But funding will be needed far beyond pandemic-related activities. Governments should urgently mobilise funds to mitigate the harms to health and other rights, including food, housing, and education. Governments possess the primary responsibility for ensuring their inhabitants' rights and should substantially increase domestic funding, using inclusive national processes to develop financing strategies using the “maximum of…available resources”,13 and prioritising the needs of marginalised populations.114
Although more domestic financing is necessary, domestic financing alone will be insufficient given the scale of the need. An International Monetary Fund analysis based on several case studies suggests that pandemic setbacks could increase the Sustainable Development Goals spending requirements in LMICs by an average of about 20% across key sectors including health, education, and water and sanitation.115 The Sustainable Development Goals funding gaps were already immense, and the harms to health and other rights during COVID-19 far-reaching (panel 3).
Therefore, besides meeting the UN target of 0·7% gross national income for official development assistance as a matter of course, high-income countries should designate the equivalent of at least 3% of their domestic COVID-19 stimulus, response, and recovery measures for global assistance. Domestic COVID-19 funding from the G20 countries (the world's largest economies) was at least $14 trillion.116 3% is approximately what the USA—which has a small foreign aid budget when compared with its gross domestic product relative to most other high-income nations117—spends from its discretionary budget annually on foreign assistance;118 at least as much should be expected for global public health emergency spending. This amount of funding would be a reasonable starting point for negotiating a global standard.

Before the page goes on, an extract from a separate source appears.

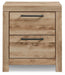 Inspired by natural beauty, refined to perfection. This nightstand brings cozy outdoor vibes to your bedroom with its warm and inviting golden rustic finish. Antiqued gunmetal handles adorn the two drawers on its framed front for an industrial touch, while USB charging adds a high-tech element to the simple, streamlined design.

Repayment of international debts by low-income countries, and even many middle-income countries, displaces funding that they could use for health, education, and other areas crucial to their people's rights. This displacement impedes the full realisation of human rights in these countries and is at odds with the international cooperation obligation and with building health resilience.119 In line with the call of the UN Independent Expert on foreign debt and human rights,11 the G20 should develop a long-term rights-based and rights-prioritised framework for debt restructuring and cancellation. States should use all available measures to incentivise private creditor participation.120, 121
To meet the human rights non-discrimination obligation, funding for marginalised populations and traditionally marginalised areas must be a priority, now and in future health emergencies.122 Social and economic support is needed to help children catch up with their education, particularly children in low-income households unable to access remote learning.123 Robust funding and comprehensive programming can counter increases in domestic violence, child marriages, and human trafficking.124
People who depend on the international community for support are especially vulnerable during global health emergencies—from both the emergency itself and from emergency-related funding diverted from their own specific situations. To safeguard their health and rights, the UN Central Emergency Response Fund, which provides urgently needed funds for underfunded emergencies, and was far short of its $1 billion funding target in 2020, should be bolstered.125, 126 Funds—with a much higher target than $1 billion—could come from additional member dues based on regular or peacekeeping UN budget assessment formulas.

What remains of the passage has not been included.